▸ Given material:
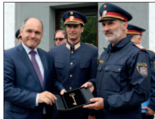
PI Gattendorf: Innenminister Wolfgang bei der symbolischen Schlüsselübergabe.

Dienst. Sie sind für ein 202 Quadratkilometer großes Überwachungsgebiet zuständig. „Moderne Dienststellen sorgen nicht nur für einen Motivationsschub für unsere Polizistinnen und Polizisten, sondern stärken das Sicherheitsgefühl aller Bürgerinnen und Bürger“, sagte Sobotka bei der Eröffnung.
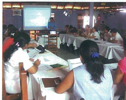
Taller de Indicadores de SSRA

▸ Task goal:
Reproduce every line of the material precisely, omitting its pictures.

▸ Worked solution:
PI Gattendorf: Innenminister Wolfgang bei der symbolischen Schlüsselübergabe.

Dienst. Sie sind für ein 202 Quadratkilometer großes Überwachungsgebiet zuständig. „Moderne Dienststellen sorgen nicht nur für einen Motivationsschub für unsere Polizistinnen und Polizisten, sondern stärken das Sicherheitsgefühl aller Bürgerinnen und Bürger“, sagte Sobotka bei der Eröffnung.
Taller de Indicadores de SSRA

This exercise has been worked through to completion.